For the Test Theory exam, with a total test reliability of 0.71, the observed subtest score reliabilities (PRMSEs) equaled 0.58 for the conceptual understanding subtest and 0.52 for the factual knowledge subtest. Note that these reliabilities are low, but given the number of items and the type of questions that are being asked, they are not uncommon. Sinharay (2010) for example, reported an average operational subtest reliability of 0.38 for subtests with an average of 19 items. The PRMSE in estimating the true subtest score from the observed total score (PRMSEx) was 0.80 for both the conceptual subtest and the factual knowledge subtest. Since the PRMSEx values are larger than the PRMSEs values, we conclude that reporting subscores would not be useful in this case. In this example the correlation between the conceptual understanding and factual knowledge subtest was 0.54, and the subscores with total score correlations were 0.91 and 0.85 for conceptual understanding and factual knowledge, respectively.
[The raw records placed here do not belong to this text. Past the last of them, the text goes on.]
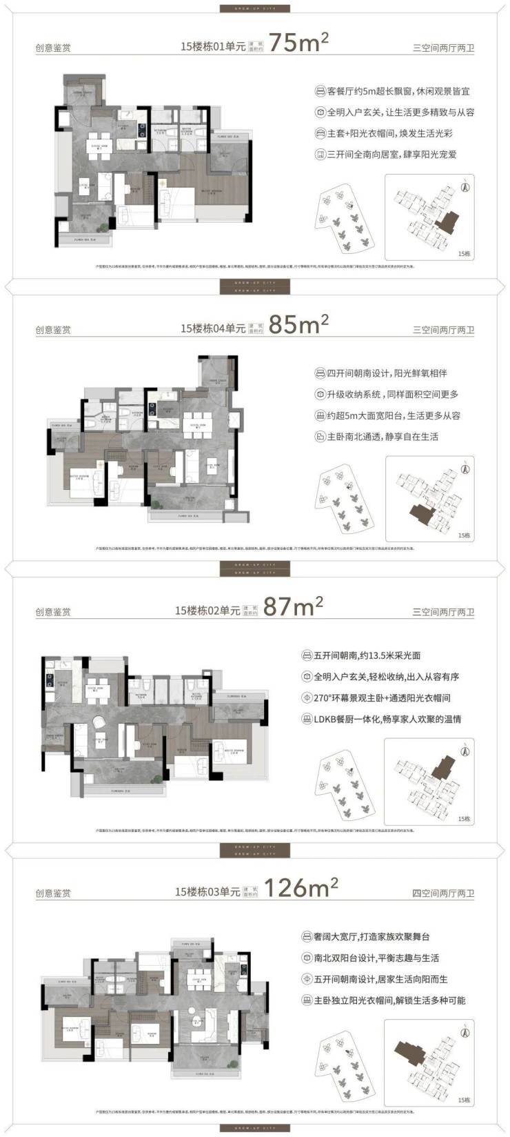 在售户型:建面约75/86/102/125㎡全南3/4空间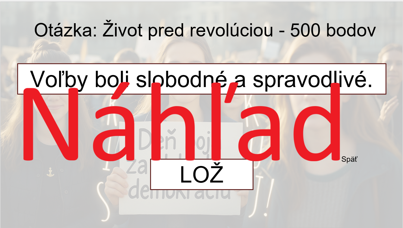 Hra spája históriu s občianskou výchovou a vedie žiakov k uvedomeniu si spoločenských zmien a významu občianskej angažovanosti.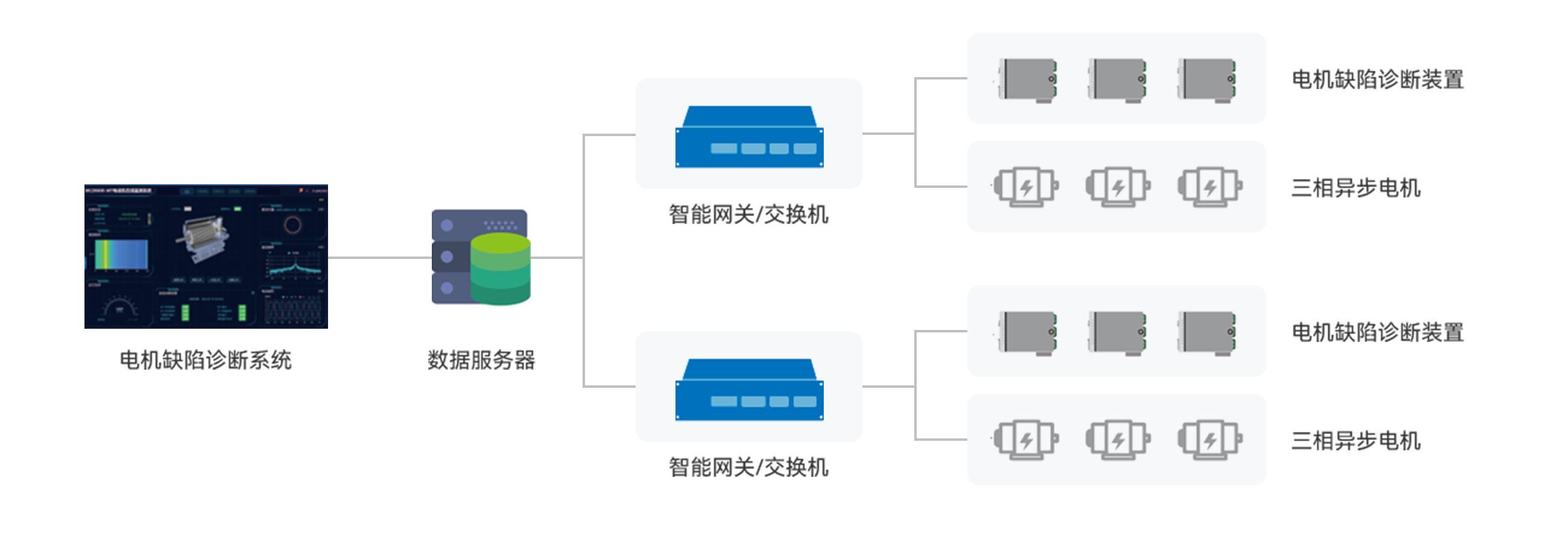 電機缺陷診斷產品由采樣傳感器、電機缺陷診斷裝置所構成的硬件產品及電機缺陷診斷系統組成。其中軟件系統具備電機故障分析、歷史數據查閱及設備管理等功能。由采樣傳感器和電機缺陷診斷裝置構成的硬件系統具備邊緣計算功能,可以將采集的數據預處理后,根據系統設置情況,將數據上送服務器進行深度分析。

For the statistics exam consisting of open and multiple-choice questions the PRMSEs was 0.63 for the open questions and 0.66 for the multiple choice questions, with a total score reliability of 0.77. Since the PRMSEx was 0.81 for the open questions and 0.84 for the multiple choice questions, both larger than the PRMSEs of both subtests, we conclude that reporting subscores would not be useful for this exam1. Furthermore, the correlation between the subtests was 0.63, and the subtest-total test correlation was 0.85 for the open questions and 0.94 for the multiple-choice questions. Note that these results are in agreement with the suggestion made by Sinharay (2010) that subscore-total score correlations larger than 0.85 often result in subscores that do not have added value to the total score. Thus, reporting separate “diagnostic” subscores for the open questions and the multiple choice questions is not useful here.
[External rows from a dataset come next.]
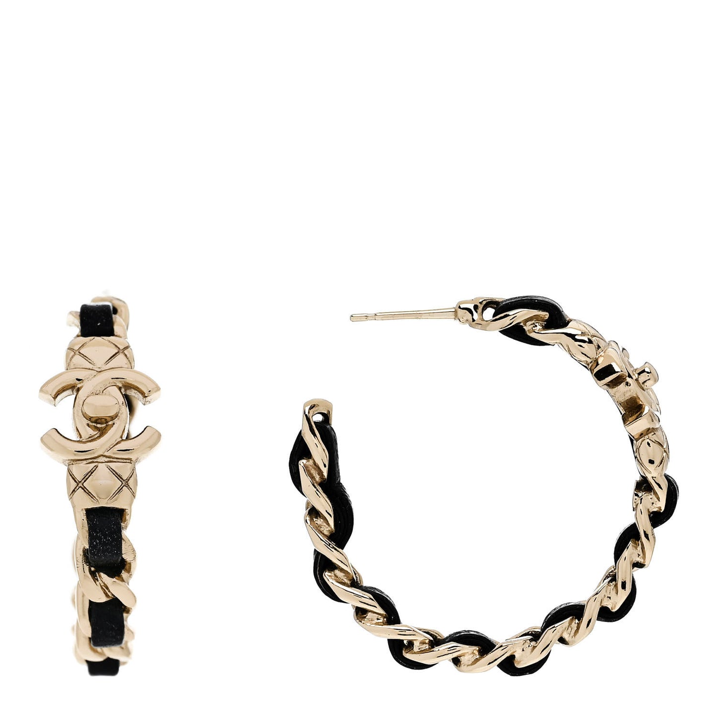 This is an authentic pair of CHANEL Metal Lambskin Quilted CC Turnlock Chain Hoop Earrings in Gold and Black. These lovely hoop earrings are leather threaded gold chain links with a Chanel CC logo.Follow this item for alerts. Chanel is a registered trademark of Chanel. FASHIONPHILE is not affiliated with Chanel.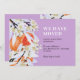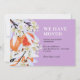 Elegant and chic new home moving announcement card with beautiful blooming tangerine branches and text "We have moved". Floral botanical card with spring delicate flowers and citrus. Orange, pastel and lilac colours. Add your names and address.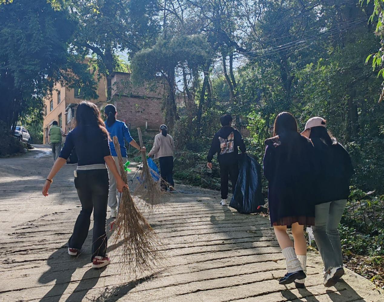 活动中,志愿者们在村干部的带领下分为两组,携带扫帚、铁铲、垃圾袋等工具,对村内主干道、文化广场、农户庭院周边及闲置空地的环境卫生进行清理。大家清扫落叶、清除杂草、打捞沟渠垃圾,协助村民整理农具和柴火,改善了村容村貌。不少村民也自发加入清扫队伍。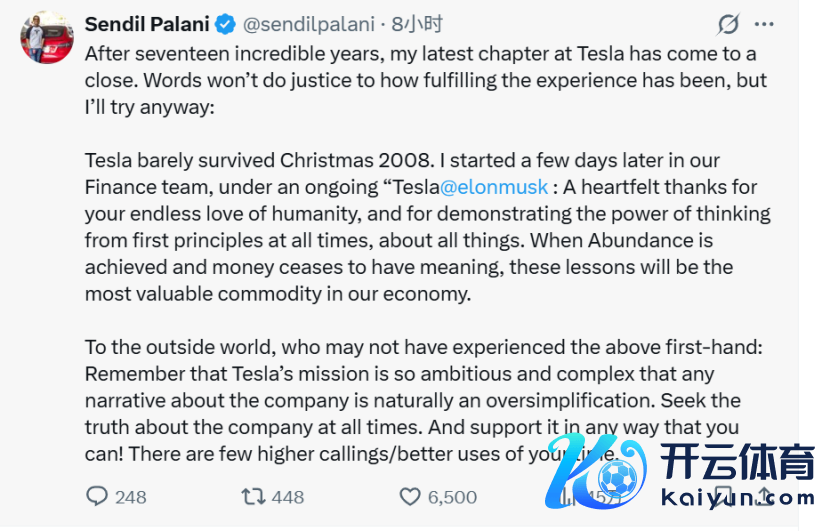 特斯拉财务副总裁Sendil Palani在酬酢媒体发文称,在为该公司效劳17年后将辞职。他自2021年起担任该职务,在特斯拉的两段任职技术,曾先后认真财务、工程及制造等相关职责。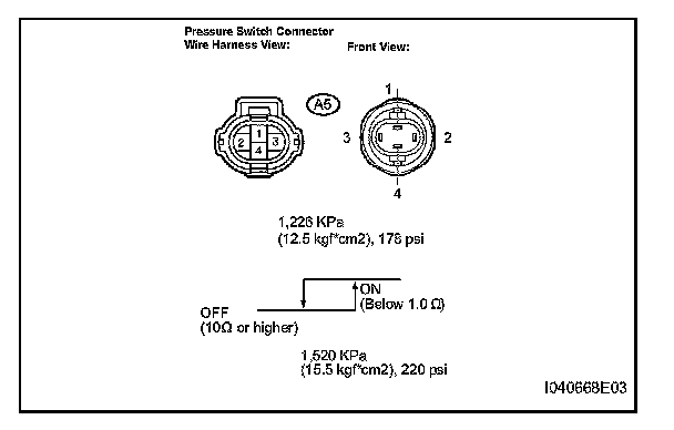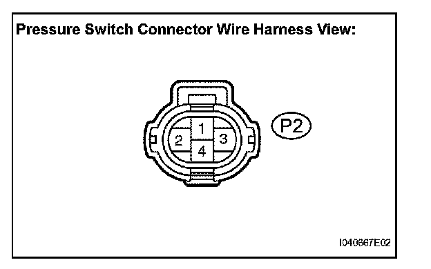 b. Disconnect the pressure switch connector and connect terminals 1 and 4 using a tool such as a service wire.

We should remark that this does not imply that the open questions do not add to the measurement precision of the total score. We can illustrate this by performing an item response theory analysis (IRT, e.g., Embretson and Reise, 2000) on the data2. A nice characteristic of IRT is that it enables us to report the measurement precision (standard error) conditional on an examinee’s score. Interesting is that if we compare the standard error of the examinees’ scores, the open questions reduce this standard error and thus add to the measurement precision of the statistics exam, as shown in Figure 1. The test scores are now expressed on a theta metric with a mean of 0 and a SD equal to 1; these theta values are strongly related to the total score (r = 0.93). It can be seen that across all achievement levels (theta scores) the combination of multiple choice items and open ended question resulted in a lower standard error than using only multiple choice items, especially at the higher range of the scores.
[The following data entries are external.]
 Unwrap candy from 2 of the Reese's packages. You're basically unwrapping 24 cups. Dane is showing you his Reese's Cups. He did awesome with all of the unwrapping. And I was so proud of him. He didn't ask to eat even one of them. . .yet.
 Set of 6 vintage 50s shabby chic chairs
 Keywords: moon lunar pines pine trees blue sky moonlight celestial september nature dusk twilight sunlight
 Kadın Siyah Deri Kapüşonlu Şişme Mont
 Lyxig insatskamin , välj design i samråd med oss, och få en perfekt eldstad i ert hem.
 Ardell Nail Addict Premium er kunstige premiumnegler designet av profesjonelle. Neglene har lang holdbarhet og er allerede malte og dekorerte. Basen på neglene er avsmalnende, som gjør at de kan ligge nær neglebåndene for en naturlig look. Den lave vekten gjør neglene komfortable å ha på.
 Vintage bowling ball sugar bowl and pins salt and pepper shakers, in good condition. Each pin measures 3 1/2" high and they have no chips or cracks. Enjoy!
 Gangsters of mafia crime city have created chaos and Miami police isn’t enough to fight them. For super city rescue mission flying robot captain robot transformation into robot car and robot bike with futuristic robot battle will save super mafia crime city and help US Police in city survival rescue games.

FIGURE 1. Standard error of the achievement score (denoted Theta) for the 20 multiple choice items (dashed line) versus 20 multiple choice items plus 5 open ended questions (solid line). MC, multiple choice questions; OQ, open-ended questions.
One could argue that the different number of items between both tests (i.e., 20 multiple choice items versus 25 multiple choice plus open question items) explains the difference displayed in Figure 1. We verified that this is not the case by a supplementary simulation analysis. The standard error of theta for all possible tests composed of any 15 multiple choice items plus the 5 open questions was computed, for a total of 15,504 such parallel tests. Figure 2 shows the mean standard error across the datasets, together with 95% variability bands around the mean value. It can be verified that, for theta values above -1 the standard error based on tests including the open questions are smaller in comparison to the test based on 20 multiple choice items. Thus, the open questions do add to the measurement precision of the total score, in spite of their modest contribution to measuring the true open question subtest scores. This may partly be explained by the partial credit scoring. In general, polytomous scoring increases the test reliability as compared to dichotomous scoring (e.g., Maydeu-Olivares et al., 2009).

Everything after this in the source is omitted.